Minggu, 01 Juni 2008

Rasa Peduli

Setiap orang pasti punya rasa dalam dirinya. Entah itu rasa bangga karena mendapat sesuatu, rasa sedih bila mendapat kesusahan, rasa gembira jika ia memperoleh hadiah atau suatu kesenangan. Tapi ada juga orang yang kebal dengan rasa, jika ada orang jatuh, ia hanya mengatakan hati-hati, padahal orang tersebut sudah jatuh. Apakah itu hanya basa-basi, yang memang sudah basi, karena sudah terlambat menolong. Orang sekarang tidak punya rasa, tidak cepat terkejut, tidak sensitif dalam yang positif, yang akhirnya cendrung kepada sifat acuh dan cuek, tak peduli dengan lingkungan sekitar.

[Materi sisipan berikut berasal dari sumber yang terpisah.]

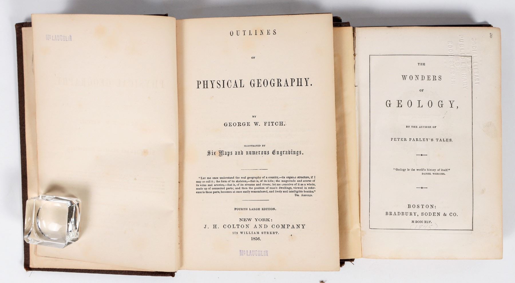 Lot of 2 different. Rare. 1) Outlines of Physical Geography. By George W. Fitch. Illustrated by Six Maps and numerous Engravings. 1856. JH Colton & Co. 225pp. Some toning, age discoloration. 7.75 x 5.25" 2) The Wonders of Geology, By the Author of Peter Parley's Tales. 1845. Bradbury, Soden & Co. 291pp. Geology over 100 years before plate tectonics!
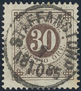 Sweden. Facit 35i used, 30 öre brown on calendered paper. Superb cancellation STAFFANSTORP 7.10.1885.
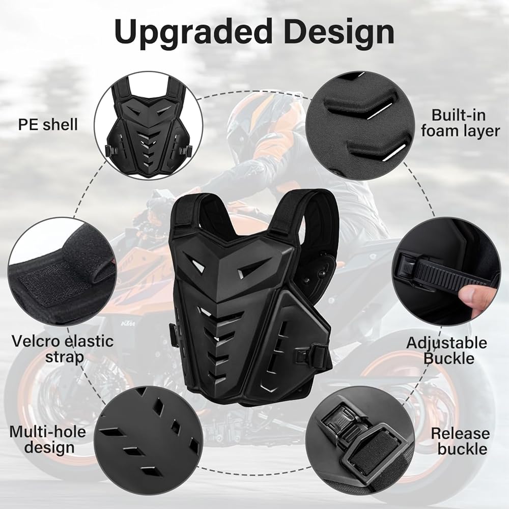 سترة واقية للجسم خفيفة الوزن درع الصدر للدراجات النارية، حماية خلفية للرجال قابلة للتعديل لحماية دائمة من الصدمات في موتوكروس، ركوب الدراجات النارية على الطرق، التزلج وغيرها من الرياضات

Bila Anda naik kendaraan umum apasaja, kita lihat atau menyaksikan sendiri, anak-anak kecil masih pagi buta sudah siap meminta sedekah dengan berbagai macam cara, yang seharusnya mereka siap berangkat ke sekolah mencari ilmu, tetapi oleh rasa keadaan ekonomi orang tuanya, dengan rasa terpaksa mereka meminta dengan membuang rasa malu, rasa minder, rasa takut tertangkap polisi, takut kesambar mobil mewah, dan berbagai macam rasa yang menghimpit mereka, apalagi kalau ketahuan teman atau guru, serta tetangga.

Nah kita yang masih tebal dengan nilai rasa, tolonglah! cepat terkejut dengan keadaan di sekitar kita. Cepat tanggap dengan apa yang kita lihat tanpa harus menunggu orang meminta tolong kepada kita, Menolong orang tidak harus dengan materi, bila memang tidak mampu dengan materi, dengan tenaga pun tak salahnya, atau dengan memberi saran atau nasihat, semuanya itu, juga wujud dari rasa menolong, tetapi menolong yang benar-benar tulus dan ikhlas semata hanya karena memohon keridhoaan Allah. Serahkan kepada-Nya, biar Allah yang membalas.

Mulailah dengan hal yang kecil, yang ada di lingkungan keluarga kita dengan membiasakan segala sesuatu dengan rasa spontanitas. Contoh:Bila kita pulang dari bekerja, pasti Anda sudah lelah, pegal, macet, berdiri dalam kendaraan umum dengan berdesak-desak, Anda baru masuk rumah melihat ada tumpukan sampah persis di depan pintu gerbang, apa yang Anda lakukan, membiarkan sampah bertumpuk di depan pintu gerbang karena Anda sudah tak berdaya, atau masuk dengan begitu saja, atau Anda buang sampah tersebut sebentar, dan pekerjaan Anda beres satu masalah. Itulah salah satu contoh Anda masih punya rasa, rasa itulah yang harus diplihara dan dipupuk setiap saat dan dimana saja dan kapan saja agar kita punya rasa kepedulian yang peka.